I mean, honestly, it's like I just can't help myself and hence the very odd, undeniable allure, the definitely compelling and *very* wonderfully curious look of it and hence, too, what it no doubt means in turn for the movie coming up soon enough, right - the fact that he's even going so far and obviously dedicating himself to it, perfecting it so carefully and fine-tuning all the nuance and detail of his performance so exactingly at that - and yet, though, of course it just likely portends well enough that we'll be seeing at least *something* of him engaged like that, and thus wielding it with such command and energy, dominating and decisive strength which will no doubt be something seriously impressive to see, all right....and so no doubt we will to at least some extent, we can probably rest easily enough assured of that even just looking at just what we've seen of him out there so far, you know....with such a thing held firm, steady, strong in hand, to be sure....and looking *so* impressive for it too! happy

There is, then, I do suppose just a certain strangely appealing and actually quite physically appealing something to it, then, to even jus tthe *mere* sight of him out there running through his paces on the firing range like that, obviously all for the sake of the forthcoming movie role and getting it all "just so" and correct, and again only full kudos and commendation to him on that one, for sure and certain, because then as now I jus tcan't see many other actors, and actually, factually, genuinely talented ones too for all that, obviously taking the care and the time with it, really putting the intense character-shaping, performance-crafting effort into it that *Hayden* clearly does....here, to be sure, yet ju-uuuust exactly as much as he ever has before with anything else, like be it with especially rigorous, body-bruising, joint-spraining stuntwork or the like....other actors clearly aren't the type to be "bothred" with such care, effort and attention, then, such devotion to art, creation and craft....

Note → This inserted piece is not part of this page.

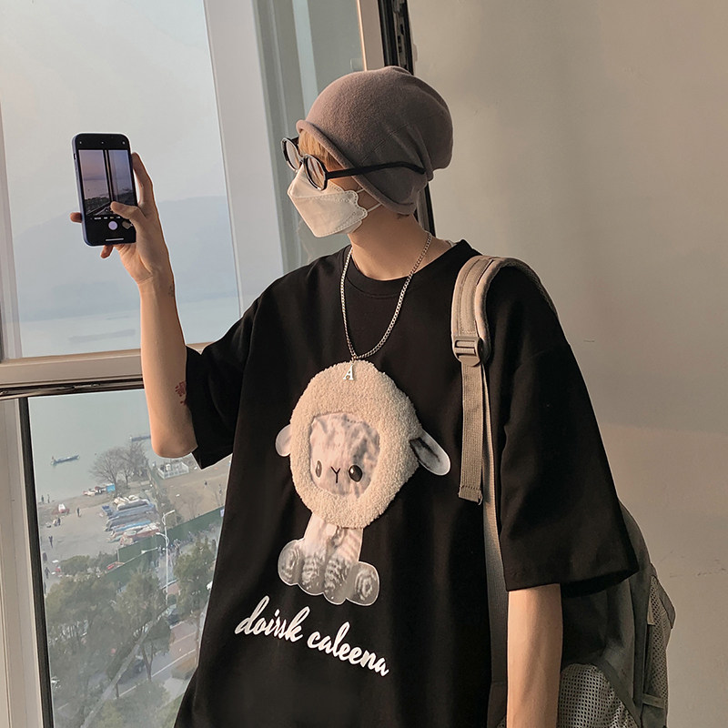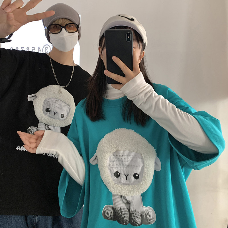 Lake green alpaca T-shirt women's design sense niche couples front shoulder short sleeves oversiz chic and thin three-quarter sleeves
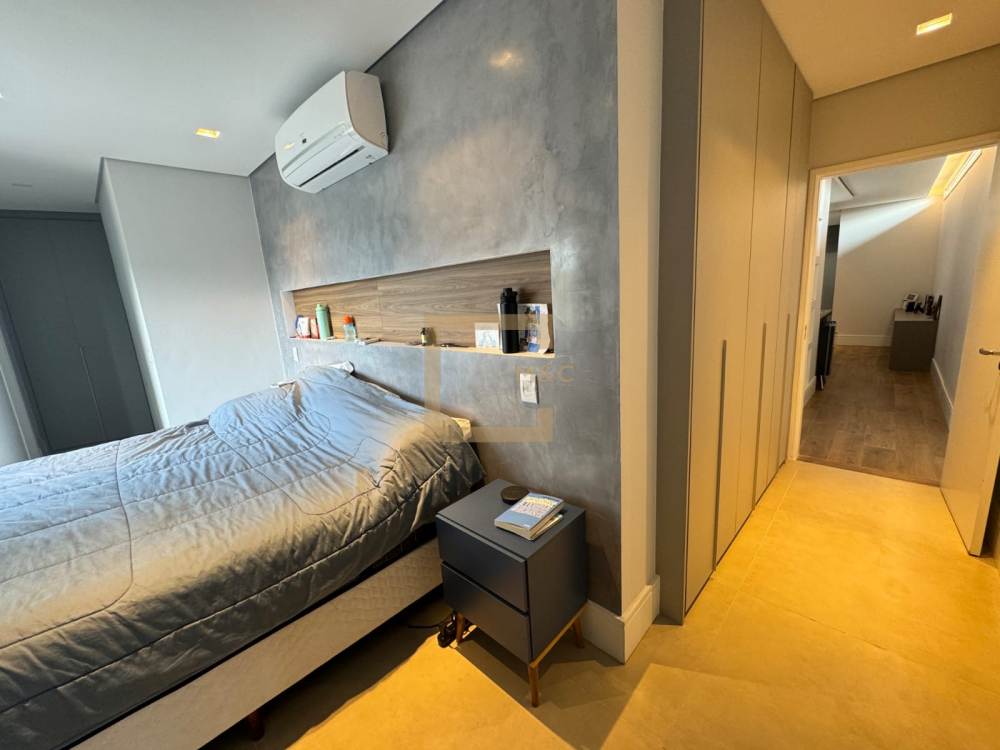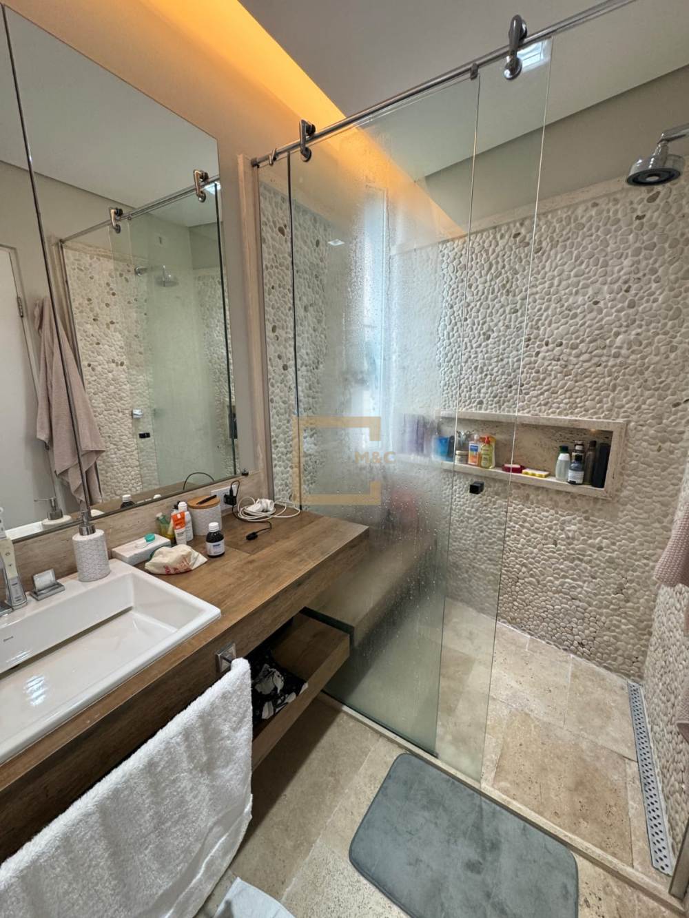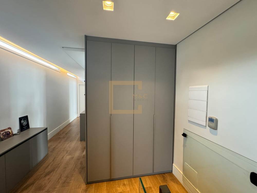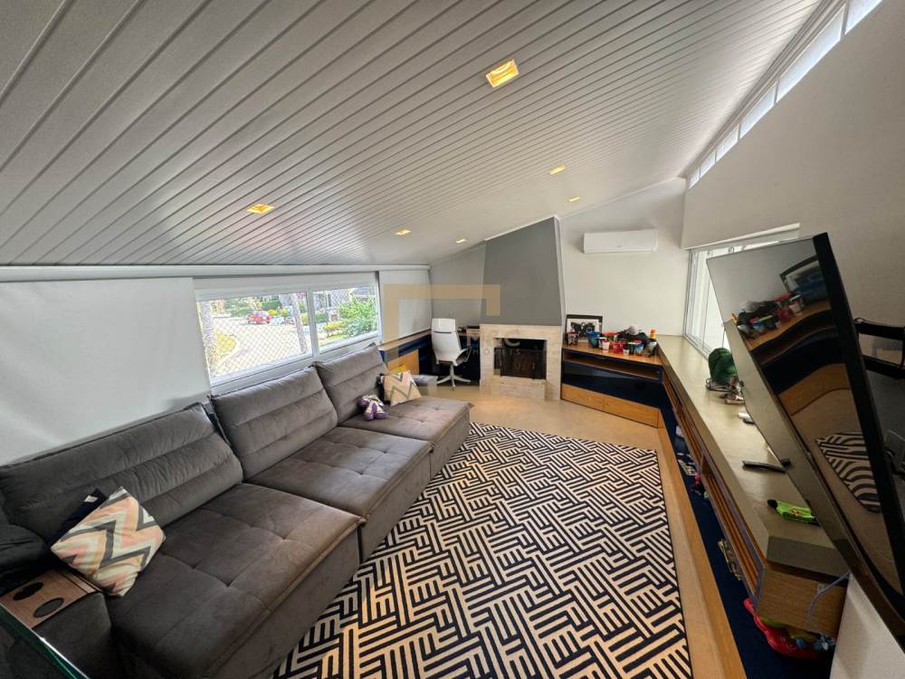 Piso superior com 3 amplas suítes, banheiros novos, completa de armários e ar condicionado, sala de TV e roupeiro.

....yet *he* very much does have that, to be sure, and so I'm thinking too that it undoubtedly does wonders to help distinguish, forever thankfully, gratifyingly set apart, those who actually *have* the talent, and who thus really *are* something to be seriously reckoned with....and, instead, all the rest who really *aren't* any such thing. They aren't, aftera ll, but Hayden himself very much *is*, and time and time again I do reckon as we've seen plenty proof as much....not sure how anyone could ever need any more convincing of it, actually. wink *chuckles warmly, gladly* And oh, ohhhh aye, for sure and certain then it does just seem rather the same now, that devotion, that commitment, that true sense of the craftsman and the artiste, the performer in just *every* sense, if you will - when you consider just how much he's striving to get even the so-called "simplest" and most straightforward of all details right, to take that much care with it....already, really.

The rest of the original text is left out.